Sends the image data to the Gemini model with a prompt.
Interprets Gemini’s response to perform an action in Drive (e.g., move to a new folder, add a description, rename the file).

Step-by-Step Implementation Guide

Prerequisites:

Python Environment: Set up Python on your computer.
Install Libraries:
bash pip install google-generativeai google-auth google-auth-oauthlib google-auth-httplib2 google-api-python-client pillow
API Keys & Enable APIs:
- Google AI Studio API Key: Go to Google AI Studio, sign in, and create an API key for the Gemini API.
- Google Cloud Project & Credentials:
  1. Go to the Google Cloud Console.
  2. Create a new project or select an existing one.
  3. Enable the “Google Drive API”.
  4. Enable the “Generative Language API” (this might be listed under a different name like “Gen AI API”).
  5. Go to Credentials and create OAuth 2.0 Client IDs for a “Desktop application”. This will download a credentials.json file. This is necessary for the Drive API to access your personal files.

Example 1: Categorize & Organize Photos by Content

This script will:

Ask Gemini what’s in a photo.
Create a folder for that category (e.g., “Cats”, “Beaches”, “Documents”).
Move the photo into that folder.

Python Code (gemini_drive_manager.py):

import os
import google.generativeai as genai
from google.oauth2.credentials import Credentials
from google_auth_oauthlib.flow import InstalledAppFlow
from googleapiclient.discovery import build
from googleapiclient.http import MediaIoBaseDownload
import io
from PIL import Image

# ===== CONFIGURATION =====
# Gemini API Key from AI Studio
GEMINI_API_KEY = 'YOUR_GEMINI_API_KEY_HERE'

# Define the scopes for Drive API
SCOPES = ['https://www.googleapis.com/auth/drive']

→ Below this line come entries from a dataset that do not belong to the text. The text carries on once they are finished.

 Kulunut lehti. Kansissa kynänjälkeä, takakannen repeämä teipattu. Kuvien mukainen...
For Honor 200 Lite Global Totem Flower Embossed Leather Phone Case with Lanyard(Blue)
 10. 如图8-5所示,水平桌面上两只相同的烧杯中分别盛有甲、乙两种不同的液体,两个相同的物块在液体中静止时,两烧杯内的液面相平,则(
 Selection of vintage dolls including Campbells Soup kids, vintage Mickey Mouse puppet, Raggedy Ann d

# ID of the Drive folder where your unsorted photos are
SOURCE_FOLDER_ID = 'your_source_folder_id_here'

# Authenticate and create services
def authenticate():
    # Drive API Authentication (OAuth)
    creds = None
    if os.path.exists('token.json'):
        creds = Credentials.from_authorized_user_file('token.json', SCOPES)
    if not creds or not creds.valid:
        flow = InstalledAppFlow.from_client_secrets_file('credentials.json', SCOPES)
        creds = flow.run_local_server(port=0)
        with open('token.json', 'w') as token:
            token.write(creds.to_json())
    drive_service = build('drive', 'v3', credentials=creds)

    # Gemini API Configuration (API Key)
    genai.configure(api_key=GEMINI_API_KEY)
    gemini_model = genai.GenerativeModel('gemini-1.0-pro-vision')

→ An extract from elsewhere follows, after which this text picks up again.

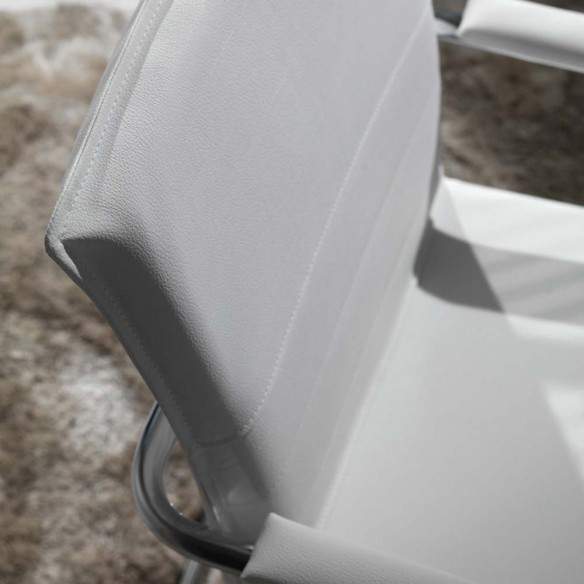 Materiali di Qualità: La struttura della poltrona è realizzata in metallo cromato, che offre resistenza e durabilità, oltre a conferire un aspetto luminoso e riflettente. La seduta è rivestita in ecopelle, disponibile nelle varianti bianca e nera. L'ecopelle offre un aspetto simile al cuoio, ma è più facile da pulire e mantenere nel tempo.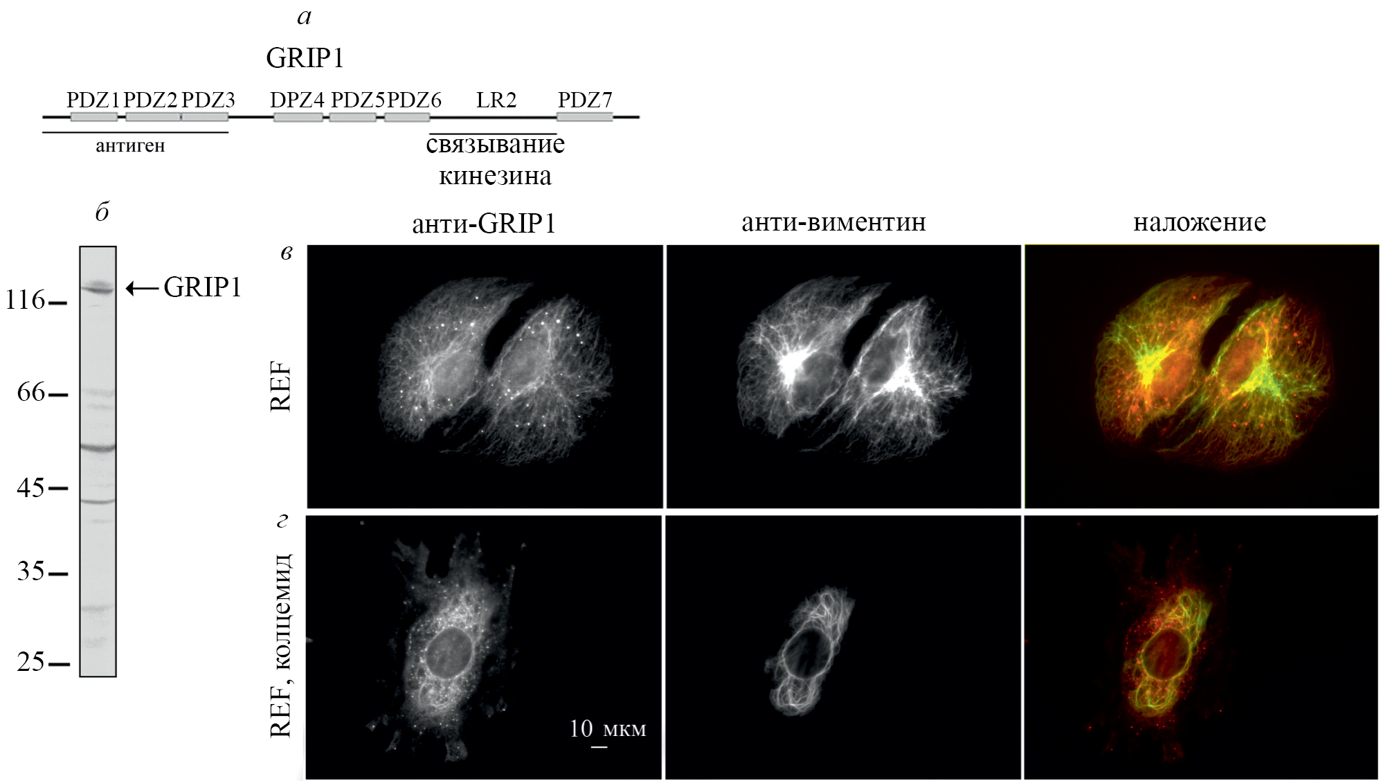 Рис. 1. Характеристика анти-GRIP1-антител с использованием иммуноблотинга и иммунофлуоресцентного окрашивания. а – Схема строения молекулы GRIP1. б – Результат иммуноблотинга гомогената фибробластов крысы REF52 с анти-GRIP1-антителами. в – Клетки REF52, обработанные одновременно анти-GRIP1 и анти-виментиновыми антителами. г – Такое же окрашивание клеток REF52, предварительно обработанных колцемидом до полной деполимеризации микротрубочек. Масштаб 10 мкм на всех изображениях.

    return drive_service, gemini_model

def get_file_list(service, folder_id):
    # Get all image files from the source folder
    query = f"'{folder_id}' in parents and (mimeType contains 'image/' or mimeType='application/pdf')"
    results = service.files().list(q=query, fields="files(id, name, mimeType)").execute()
    return results.get('files', [])

def download_file(service, file_id, file_name):
    # Download a file from Drive
    request = service.files().get_media(fileId=file_id)
    fh = io.BytesIO()
    downloader = MediaIoBaseDownload(fh, request)
    done = False
    while not done:
        status, done = downloader.next_chunk()
    fh.seek(0)
    return fh

def create_folder(service, folder_name, parent_id=None):
    # Create a new folder in Drive, optionally inside a parent folder
    file_metadata = {
        'name': folder_name,
        'mimeType': 'application/vnd.google-apps.folder'
    }
    if parent_id:
        file_metadata['parents'] = [parent_id]
    folder = service.files().create(body=file_metadata, fields='id').execute()
    print(f'Created folder: {folder_name}')
    return folder.get('id')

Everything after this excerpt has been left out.